Chalks from north of the Wash tend to be much less weathered than those in southern England. This can be seen in the envelope of results from the South Humber site, for which the minimum value of cone resistance measured is of the order of 6MPa.
Unfortunately, it has been found necessary to assess the sites in isolation, without reference to other data. Even at sites where borehole information was available, the only quantitative data available for correlation were SPT results (see below).

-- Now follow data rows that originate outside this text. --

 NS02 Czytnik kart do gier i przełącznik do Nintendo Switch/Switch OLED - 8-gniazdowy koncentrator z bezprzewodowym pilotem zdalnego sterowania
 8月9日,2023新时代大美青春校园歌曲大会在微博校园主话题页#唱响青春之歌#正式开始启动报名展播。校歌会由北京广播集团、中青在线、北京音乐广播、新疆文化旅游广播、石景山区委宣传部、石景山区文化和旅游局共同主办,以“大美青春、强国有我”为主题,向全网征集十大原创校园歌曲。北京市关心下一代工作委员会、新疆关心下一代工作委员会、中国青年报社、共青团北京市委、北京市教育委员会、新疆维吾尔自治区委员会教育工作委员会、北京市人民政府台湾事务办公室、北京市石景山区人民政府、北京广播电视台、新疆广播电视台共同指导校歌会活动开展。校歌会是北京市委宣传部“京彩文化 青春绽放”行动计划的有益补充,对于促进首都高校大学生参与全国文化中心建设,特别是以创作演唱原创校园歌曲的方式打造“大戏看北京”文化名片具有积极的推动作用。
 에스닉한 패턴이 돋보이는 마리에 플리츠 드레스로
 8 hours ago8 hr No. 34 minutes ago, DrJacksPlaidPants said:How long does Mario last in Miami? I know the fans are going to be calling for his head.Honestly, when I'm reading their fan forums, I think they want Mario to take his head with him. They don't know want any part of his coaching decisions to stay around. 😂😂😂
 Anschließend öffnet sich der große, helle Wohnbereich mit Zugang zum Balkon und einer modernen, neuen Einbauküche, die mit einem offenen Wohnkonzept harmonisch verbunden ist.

Identification of chalk from cone test profiles
This variability of the friction ratio from site to site means that interpretation of cone tests in chalk can be difficult without borehole data for correlation. An example of this is shown in Figure 6, which shows a cone test profile from the Isle of Grain. This test found the following sequence of materials:
0 - 0. 8m Made Ground (Railway Ballast) 0. 8 - 1. 8m Hard sandy CLAY (Made Ground - Railway Embankment) 1. 8 - 2. 4m Very stiff CLAY (Made Ground or former Topsoil) 2. 4 - 7. 5m Interbedded SAND and CLAY (Lambeth Group) 7. 5 - 17. 2m Very dense silty SAND (Thanet Sand) 17. 2 - 21. 0m CHALK The cone test profile for the Lambeth Group shown in Figure 6 appears very similar to profiles for chalk (Figure 2), with very variable cone resistance, friction and friction ratio profiles, reflecting the layering of sand and clay. The relationship between friction ratio and cone resistance is also similar to that for many of the chalk sites (Figure 5).

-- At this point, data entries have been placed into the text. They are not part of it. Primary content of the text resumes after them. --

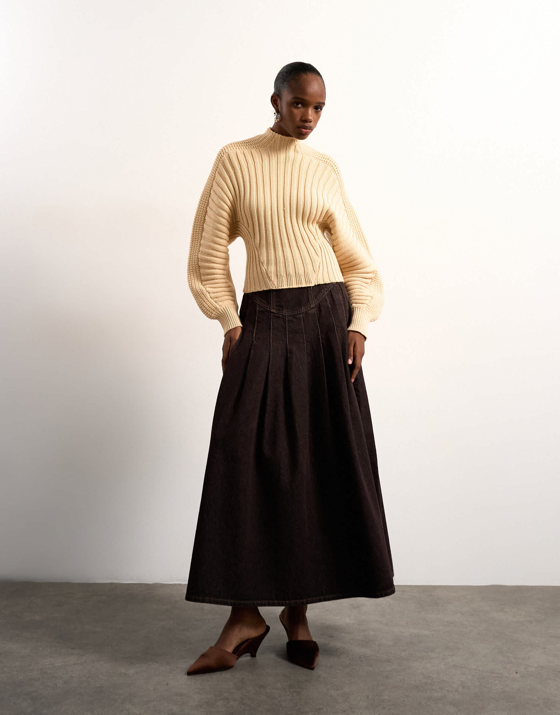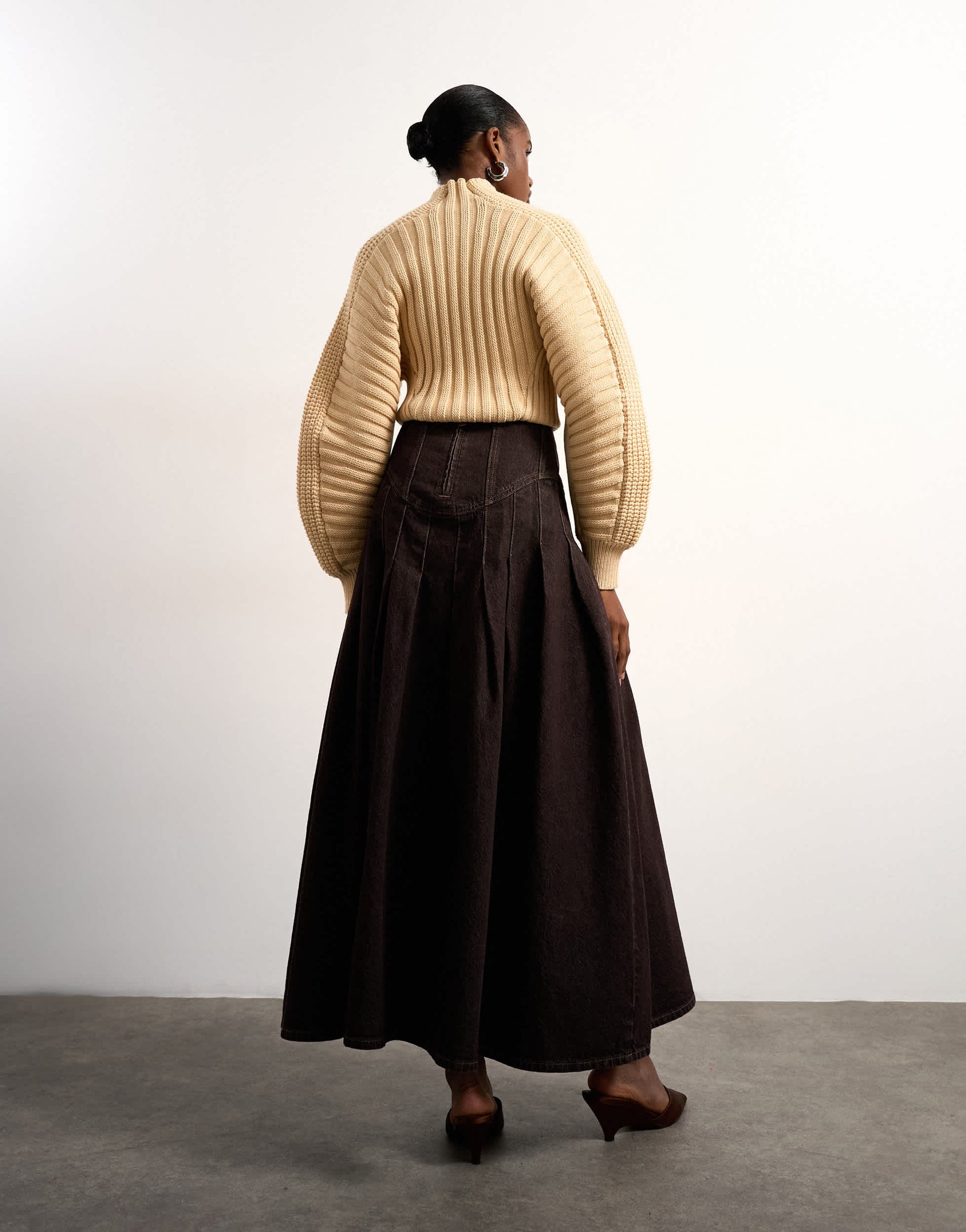 Dieser Rock ist aus nicht dehnbarem Denim in brauner Waschung gefertigt. Er hat einen hohen Bund, einen Reißverschluss, Falten und ist bodenlang geschnitten.
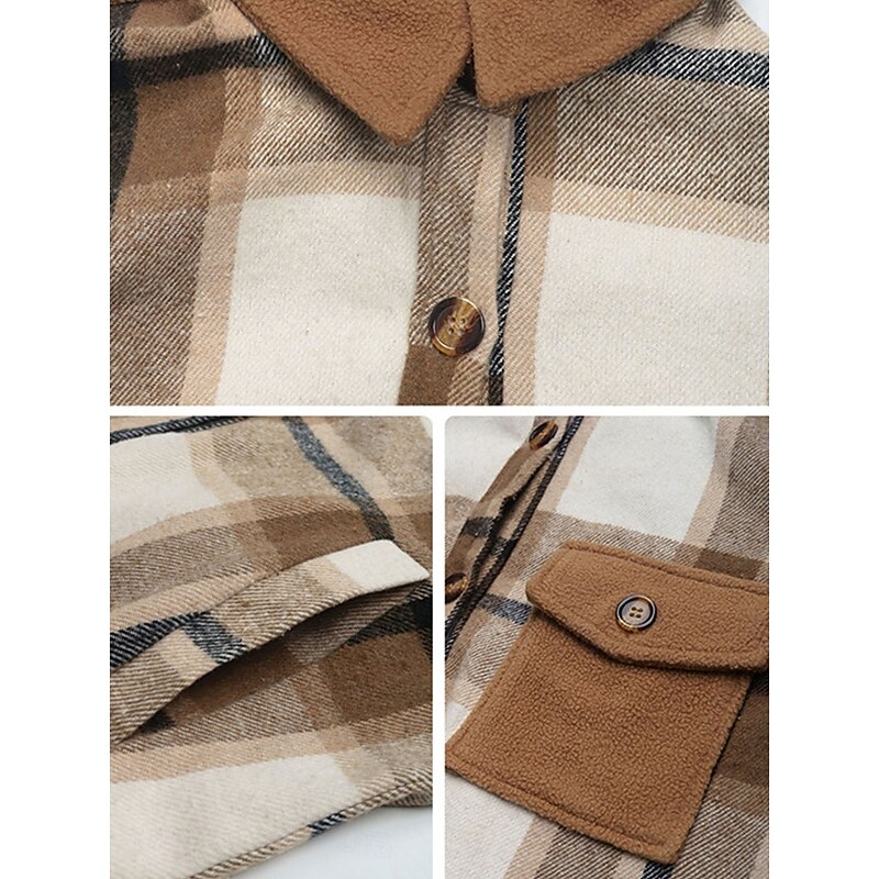 : Featuring a classic stripes and plaid pattern, this coat comes with a stylish turndown neckline and a single-breasted placket. The long sleeves are complemented by solid-colored cuffs that contrast beautifully with the plaid design. Practicality is ensured with two front flap pockets with button closures, adding both style and storage.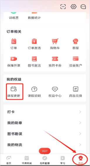 登錄【會(huì)計(jì)云課堂】APP→右下角“我的”→【我的權(quán)益】中“課程更新”,可以選擇科目、老師查看對(duì)應(yīng)進(jìn)度,并且可以訂閱更新通知(點(diǎn)擊圖片查看大圖)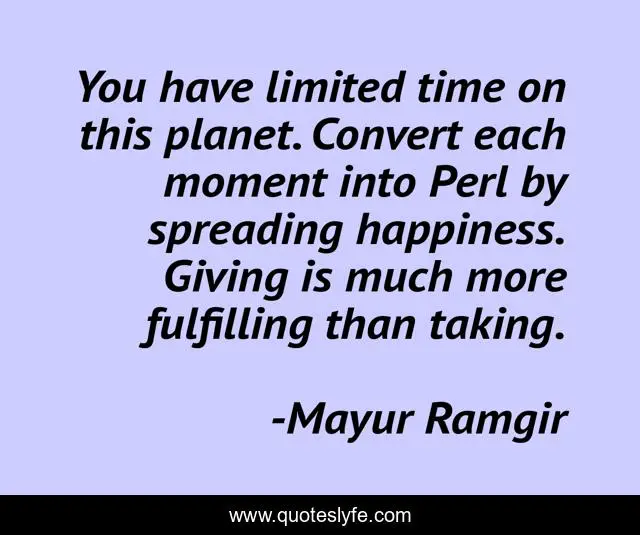 This page presents the quote "You have limited time on this planet. Convert each moment into Perl by spreading happiness. Giving is much more fulfilling than taking.". Author of this quote is Mayur Ramgir. This quote is about giving, happiness,.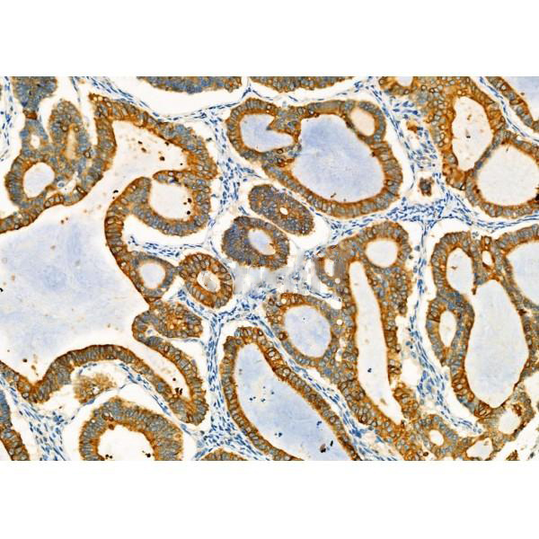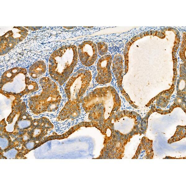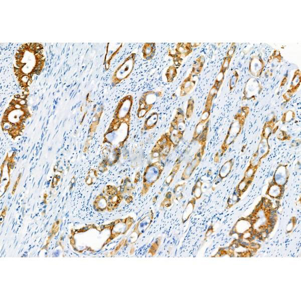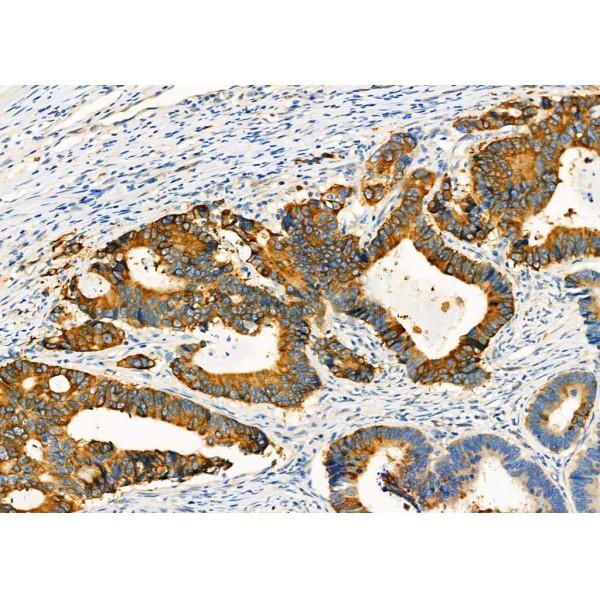ab17718 at 1/100 staining Human colorectal cancer by IHC-P. The sample was formaldehyde fixed and a heat mediated antigen retrieval step in citrate buffer was performed. The sample was then blocked and incubated with the primary antibody at 4°C overnight. An HRP conjugated anti-Rabbit antibody was used as the secondary antibody....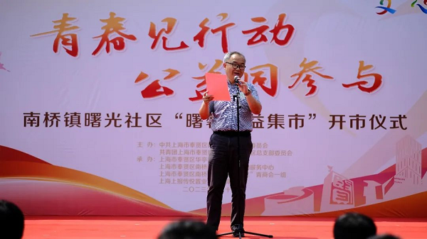 火红的五月,奏响青春之歌,点燃公益热情。5月13日上午,奉贤区南桥镇商会“百企联百区”青商会一组与南桥镇曙光社区等党建共建单位开展“曙馨公益集市”联盟活动,奉贤区团委副书记郑雷刚、南桥镇党委副书记王建恩、南桥镇党委委员黄静、南桥镇青商会会长潘诗良、南桥镇商会“百企联百区”青商会一组成员出席活动,与曙光社区“家·人”单位及团体代表共同鸣锣开市。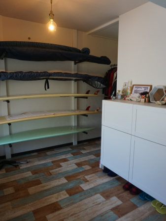 玄関ドアを開けると、お気に入りのサーフボードを壁面ラックに置けるエントランス。

The main differences between the cone test profiles for the Lambeth Group and typical profiles for chalk are that the friction ratio for the Lambeth Group is not quite so spiky as for the chalk, and that the peaks in friction ratio for the Lambeth Group correspond closely to troughs in cone resistance, indicating clay bands.
In this case, distinguishing between the two is straightforward because of the very obvious layer of Thanet Sand between the Lambeth Group and the chalk.
Much of the material at Dorchester was found difficult to interpret from the cone tests alone. It was decided to classify it as chalk, but to include an alternative where this was considered possible (as on Figure 7 - again, this material is classified as 'possible chalk' on Figure 5). Subsequently, the client supplied borehole logs, which indicated much of this material to consist of weathered chalk with much clay infill in the joints.
Similarly, identification of the nature of infill in solution features is not always straightforward. Figure 8 shows profiles from two cone tests 3m apart on the Channel Tunnel Rail Link near Gravesend. The basis of the soil descriptions was agreed with Rail Link Engineering, based on exposures it had observed nearby. The chalk surface was found to be characterised by very deeply etched chemically weathered features that were filled in the post-Cretaceous period with a structureless residue of clay with flints. The fringe of these weathered features, which may be 15m to 20m deep and as little as 3m across, comprises clay with flints.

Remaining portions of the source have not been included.